Everyone contends with fear at times. Whether it has to do with finances, health, relationships, or the path of recovery, fear can wiggle its way in. For some people, fear can become debilitating. Right along with fear is anxiety, which can also paralyze people if it becomes severe.
However, there are some tools we can use that can minimize anxiety and fear. The key is learning and actually applying them to your life.
Through this holiday season and heading into the New Year, make a commitment to learn some anxiety and/or fear-reduction skills and use them if you need them. They’ll not only help you in your recovery but also in every area of your life.
Have you ever just sat around and thought about your thoughts?
A thought is just a thought. It’s like a leaf blowing in the wind. The first thing you can do when you start to feel anxious is remember, “I am not my thoughts”.
When you can come to really know that you are not your thoughts, you will experience more peace. But what about beliefs?
Beliefs are simply thoughts that you’ve been thinking over and over. Those beliefs are your feelings.

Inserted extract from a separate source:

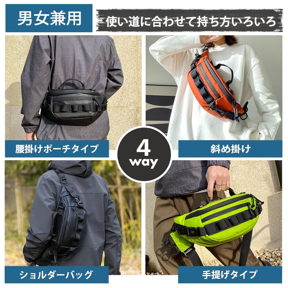 ●4WAY多機能デザイン:ウエストバッグ、ショルダーバッグ、斜め掛けバッグ、ランニングポーチとして使用可能。 ●調整可能なベルト:ベルトは34cm〜113cmまで調整可能で、様々な体型にフィットし、快適な装着感を実現。

Fear is a feeling. It’s an emotion that you feel, and it’s largely based on thoughts and beliefs.
So, as you tell yourself, “I am not my thoughts”, also tell yourself, “I am not my feelings”. Telling yourself these things can help minimize the intensity of the feelings. It may not completely take away those feelings, but it can help decrease the intensity.
Granted, sometimes fear is a good thing, like the kind of fear that arises when a snake slithers right in front of you. You may run away or freeze in fear, but this type of reaction serves to protect you. It’s a survival mechanism.
However, fear that arises from thoughts or beliefs may not be based on reality. If this is the case, you can remind yourself that you are not your thoughts or feelings. You can remind yourself that the anxiety and fear you are feeling is not based on reality.
For example, maybe you have some social anxiety, and you feel like you will be rejected if you talk to people. That fear may be based on an irrational thought. Why would someone reject you? And if they do, so what? Their opinion or reaction is solely theirs and doesn’t have to cause your self-worth to decrease.
Start to contemplate how you are not your thoughts and feelings. You may have them, but they are not who you are. Therefore, you don’t have to allow them to paralyze you or bring you down. You can learn to witness and observe them, rather than letting them overtake you.
Jane has a fear of abandonment deep within her that rises to the surface at times. Usually, it’s when she in some sort of conflict with her partner. She will get on a thought and stay on that thought until ultimately, she fears that she will be abandoned. And this petrifies her.
But rather than stay stuck in that cycle, she is learning to catch these types of thoughts earlier.
She visualizes a STOP sign. She will force herself to stop thinking that thought and all the irrational thoughts that follow it.
When you’re feeling fear arise, visualize that STOP sign. Take a deep breath. Remind yourself that you’re not your thoughts and take a few minutes to decipher where these thoughts are coming from. Are they rational? Are they true? Do you have to ruminate on them, or can you let them go and come back to the present moment?
This takes us to the next tip.
Mental chatter isn’t always a negative thing, but sometimes the mind will dwell on negative or worrisome thoughts and that can lead you to feel very anxious and afraid. Meditation is a wonderful tool that can help you limit the mental chatter that leads to anxiety and fear. Simply taking a few minutes to meditate each day can help you become more of an observer of your thoughts, rather than letting them dictate your emotional state.
Not sure where to start?
There are many helpful videos on YouTube that will teach you how to meditate. There are also guided meditations geared toward reducing anxiety or fear that you may find helpful.
Mindfulness is a technique that can certainly reduce anxiety and fear. Essentially, you focus on your breath in the present moment. Focus on your inhale and exhale, as well as your immediate surroundings and what your five senses are experiencing. It’s paying attention to the “now”, which can help you spend less time thinking those thoughts that may be causing the anxiety.
Slow your pace down. Start being mindful of what you are doing as you do it. Focus on the experiences of eating, brushing your teeth, washing dishes, etc. As you pay attention to what you’re doing, rather than just doing it on autopilot, you limit the thoughts running in your subconscious mind. This can help reduce anxiety and help you enjoy more peace throughout your days.
Counseling can certainly help you learn how to handle a lot of anxiety and fear. A good counselor can be quite effective at helping you learn how to minimize anxiety and/or fear through various techniques. If you feel your anxiety or fear has gotten beyond your control, feel free to make an appointment with a counselor. There are plenty of therapists who are even willing to work with you online via teletherapy sessions.
If finances are a factor, ask them if they offer a sliding fee scale. Getting your anxiety under control can help you in your recovery, as well as other areas of your life.
Life can certainly throw some twists and turns our way, but there are things we can do to minimize anxiety and fear. Take some time to learn about anxiety reduction techniques and practice using them. You may find that some work better than others. That’s alright.
Over time, you will develop your own set of techniques for managing anxiety and fear, and that will make a world of difference in your life.